Lipases are the class of enzymes that hydrolyze the triglyceride and convert them to glycerol and fatty acids. This study provided the bioinformatics information about the Rhizobium leguminosarum Lipases. Physio-chemical properties were presented in details for different strains of Rhizobium leguminosarum. The total numbers of different strains of Rhizobium leguminosarum lipase’s residues were ranged from 504 (A0A072C2T8) to 208 (A0A072C300).

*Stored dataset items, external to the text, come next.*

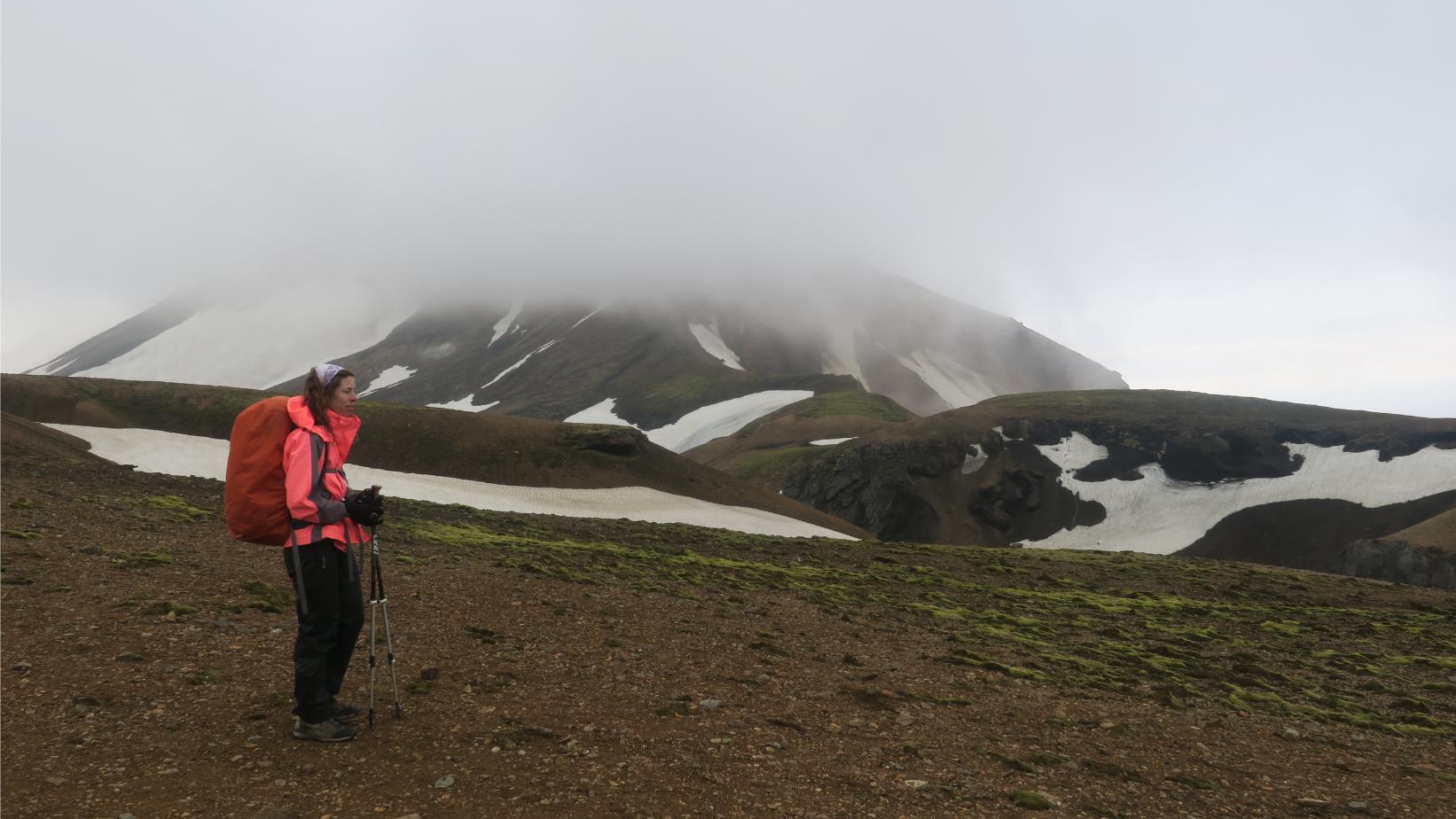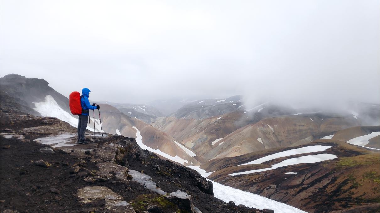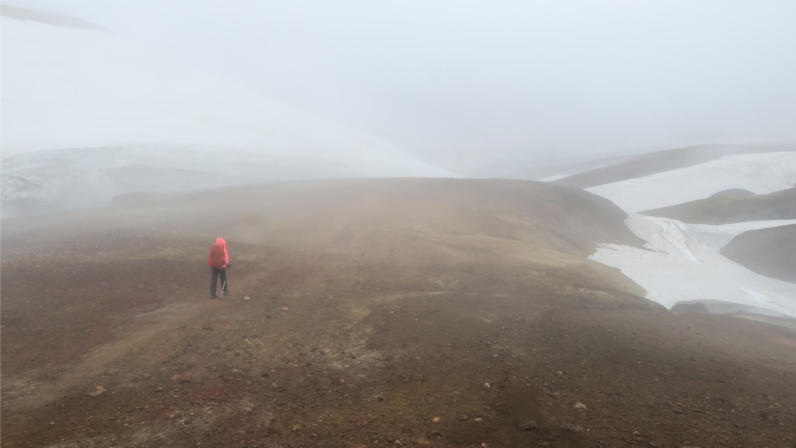 Segunda etapa del trekking, recorriendo las zonas a más altitud del mismo. Terrenos nevados, niebla y ligera lluvia durante un rato hicieron que esta etapa fuera la más dura de nuestra aventura en el Laugavegur.
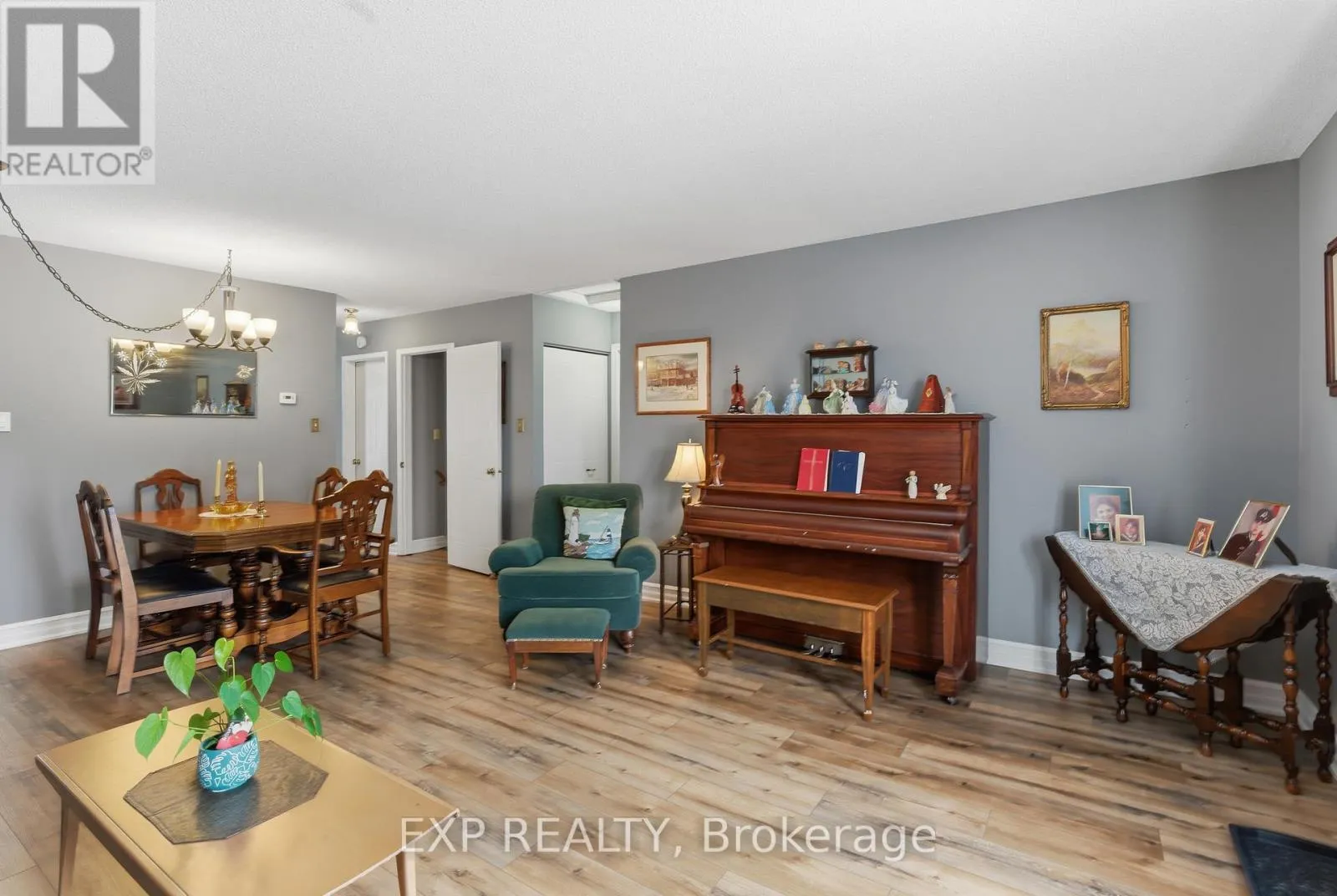 Cross Streets: Bunting Rd & Queenston Rd. ** Directions: Bunting Road between Queenston Rd & Eastchester. Tucked quietly off Bunting Road, this bungalow townhome in the community formerly known as CAW Village offers that "just right" kind of living where life feels simple, comfortable, and easy to manage. Inside, you'll find a bright, functional layout with just under 1000 square feet on the main floor featuring 2 bedrooms and a full bath. The updated vinyl plank floors add a modern touch, while large windows draw in natural light. The kitchen and living area flow naturally to your private rear deck, a peaceful spot to enjoy morning coffee while overlooking the tree-lined common area with no direct neighbours. Downstairs, there's even more space with a finished area that includes a third bedroom, a 3-piece bathroom, laundry, and a workshop zone for hobbies or storage. What makes this home special isn't just the layout; it's the lifestyle. You'll appreciate the easy, low-maintenance living with monthly fees of $440 that cover water, building insurance, and exterior upkeep, plus plenty of visitor parking for when friends drop by. It's ideal for anyone looking to downsize without giving up comfort or convenience. The location couldn't be better, with shopping, restaurants, and quick QEW access just minutes away. You're only 9 minutes from the Outlet Collection at Niagara and 5 minutes from everything you need day-to-day. Affordable living without compromise, move-in ready, well cared for, and waiting for its next chapter-maybe yours. Contact today to schedule your private viewing! (id:27476)
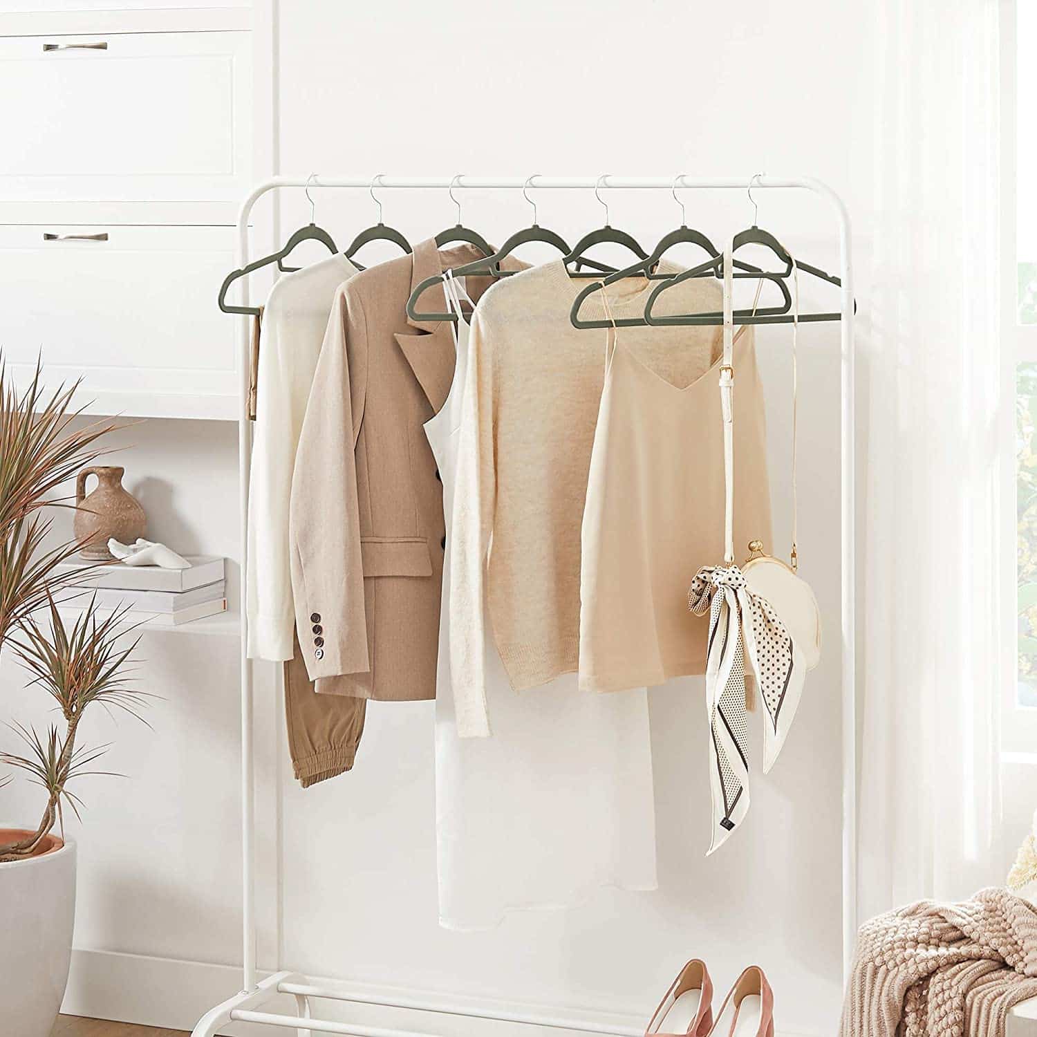 Bullet Point 5 | Multifunctionele kledingrail: dankzij de inkepingen aan de zijkanten van de beugel, kunt u bijvoorbeeld gemakkelijk tanktops of rokken met lussen hangen.Bovendien hebben de beugels houders voor broeken en stropdassen, doeken, sjaals of riemen |
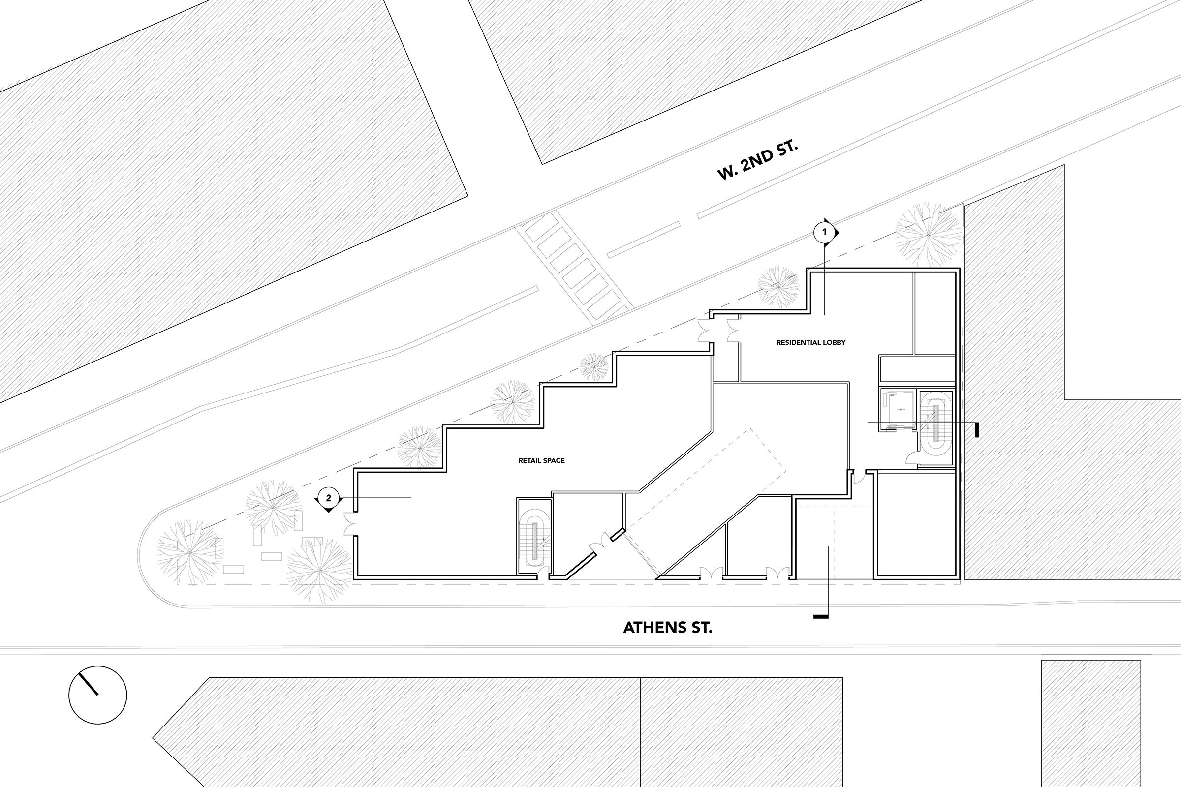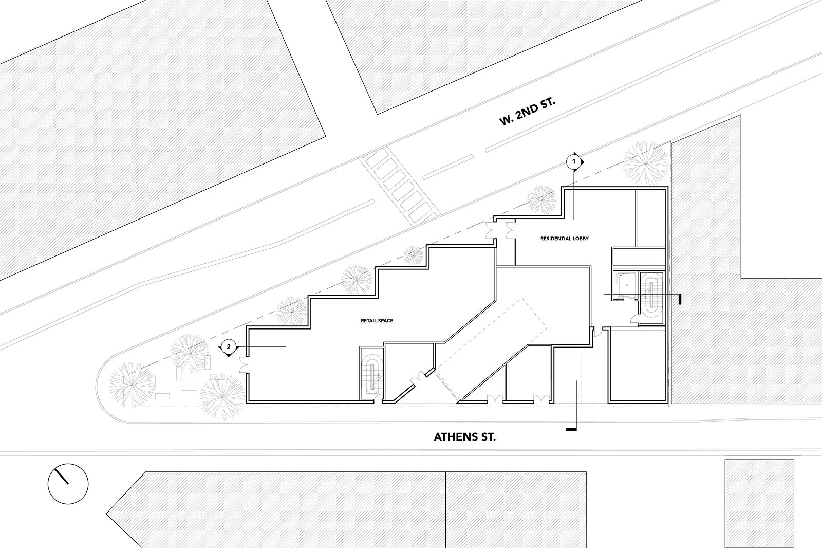 The structure consists of 6 stories; 5 floors of residential units and a ground level of retail and building services. Approximately 2,600sf of retail space is in the westernmost portion of the plan, which addresses the public space and the primary circulation intersection of W 2nd Street and Athens Street. The ground level contains lobby spaces for the residential portion, accessible from W 2nd Street. Bike racks are accessible from Athens Street, and two parking spaces are located on the ground level for a building-wide car-share service. Floors 2 through 6 contain residential units with a mix of studio, one, two, and three bedrooms. A roof deck located above floor 6 will be available to residents.
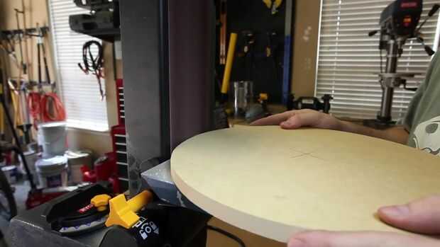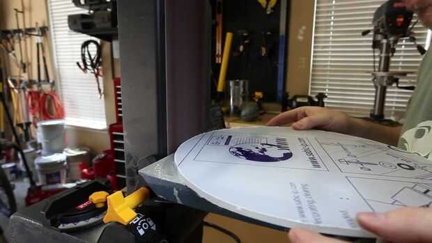 Usando una lijadora de su elección, o simplemente un papel de lija pegado a un bloque de madera, lijar los bordes de los círculos de abajo de la línea.
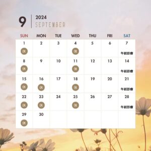 9月1日、4日、8日、11日、15日、16日、18日、22日、23日、25日、29日は休診日です。
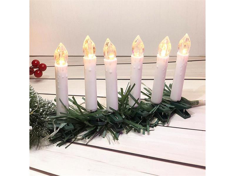 Svíčky s kolíčkem Technické parametry: - řetěz - 10xLED - 2xAA - časovač - 1,5x9cm - 10ks
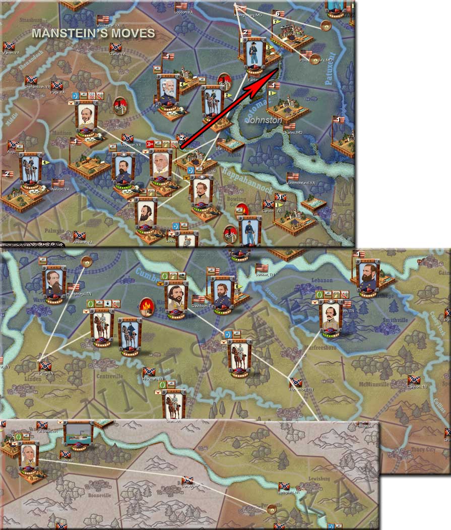At West, the Army of Tennesse (2 divisions) and the Hindman divisions retreat to Pulaski depot, where is the Hardee divisions and I could form an army with 4 divisions for fight by the Nashville control.

Molecular Weight (MW) of different lipases were from 53657.02 (A0A072C2T8) to 22571.93 (A0A072C300). Rhizobium leguminosarum lipases are hydrophilic, soluble and cytoplasmic proteins. Numbers of Cys residues in different proteins were 3 to 5 however none of them forms the disulphide bond in the structure of lipases. The Isoelectric Points (pI) of the lipases were from 9.39 to 5.18 which represented the basic to acidic properties. Extinction coefficient (EC) of proteins were from 11460 (A0A072BXE4) to 46410 (A0A072C545) M-1.cm-1. The homology modelling of all 8 lipases were presented based on Swiss-model server. The evaluations of models were performed with PROCHECK program. These structures will provide valuable information for functional analysis of microbial lipases and can help in design the platform for engineering this enzyme.